Tampa's PK ranks in the top one-third leaguewide this season. The Lightning have killed off penalties at an 81.9 percent rate (8th in the NHL).
3. Flyers penalty kill
The Flyers penalty killing stepped up in last Thursday's game against the Lightning. Trailing 2-1 early in the second period, the Philadelphia PK staved off two Tampa power plays. The latter ended with Brink scoring immediately after leaving the penalty box and receiving a pass from Sean Couturier.
Overall, though, the Philadelphia penalty kill scuffled during the recent homestand. The PK came through on just 11 of 17 (64.7 percent) opportunities. The absence of Garnet Hathaway (upper body injury) and the trade that sent longtime penalty killing stalwart Scott Laughton (the NHL's shorthanded points leader over the last three seasons) to Toronto were evident at times.

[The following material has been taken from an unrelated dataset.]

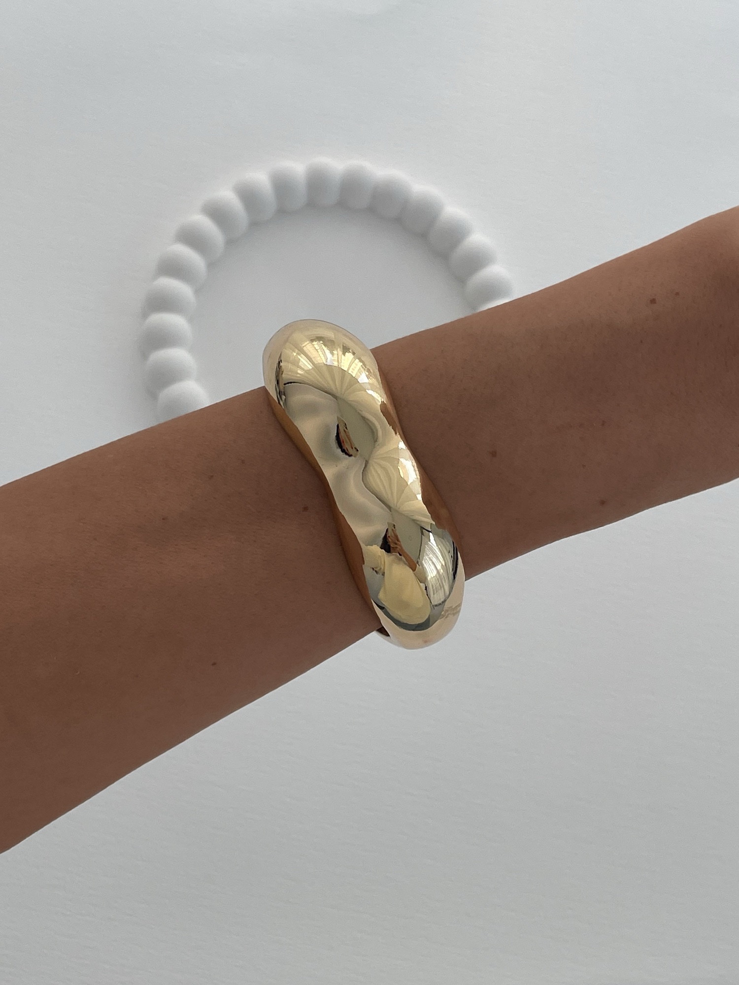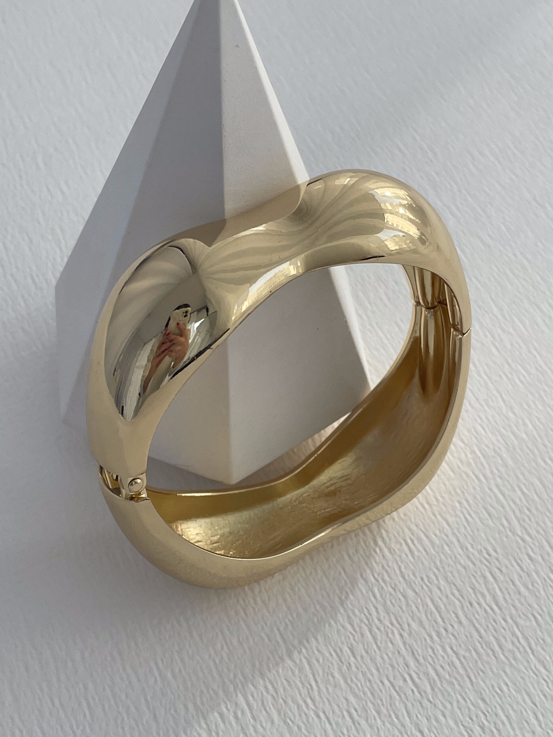 Özel Seri Çift Bombeli Kare Gold Kelepçe Bileklik

For the 2024-25 season overall, the Flyers are still in the middle of the NHL pack but the homestand struggles caused their PK ranking to drop into a tie for 17th (77.8 percent).
Tampa's power play ranks 6th in the NHL at a robust 25.8 percent efficiency. Last Thursday against the Flyers, they made quick work of a first period power play before Philly's PK met the challenge with the aforementioned two kills in the second period.
4. Michkov Watch
Twenty-year-old Russian winger Matvei Michkov ranks third in scoring (47 points in 66 games) among NHL rookies this season. He is one tally behind San Jose's Macklin Celebrini for the goal-scoring lead and two assists behind Celebrini for tops in assists among rookie forwards.
Goals were collectively hard to come by for the Flyers' during the homestand -- shut out by Carolina, limited to a single goal by three straight opponents (Winnipeg Jets, Seattle Kraken, and New Jersey Devils and held to two tallies by Ottawa. Offensive output from any source would be greatly welcomed.
Michkov had points in each of the first three games of the homestand (1g, 2a) but was kept off the scoreboard against New Jersey, Ottawa, Tampa Bay and Carolina. However, he did bag a shootout goal against the Lightning: the third shootout tally of his rookie season.
X-Factor: Containing Kucherov
Over the last three seasons, only Edmonton's Connor McDavid (371 points) and Colorado's Nathan MacKinnon (354 points) have outproduced Lightning standout Nikita Kucherov (350 points in 225 games) among all NHL players. For the 2024-25 campaign, Kucherov is third leaguewide with 93 points in 62 games to date (28 goals, 65 assists).
Last Thursday, Kucherov missed the game against the Flyers due to illness. He returned against Boston on Saturday to chip in an assist and record three shots on goal in 19:25 of ice time. The Russian superstar has just one point in his last three games.
Some NHL team is going to be on the wrong end of Kucherov's next multi-point outburst. The Flyers will do whatever they can to delay that inevitability until they've safely left town and the Lightning head out on a three-game road trip of their own following Monday's game.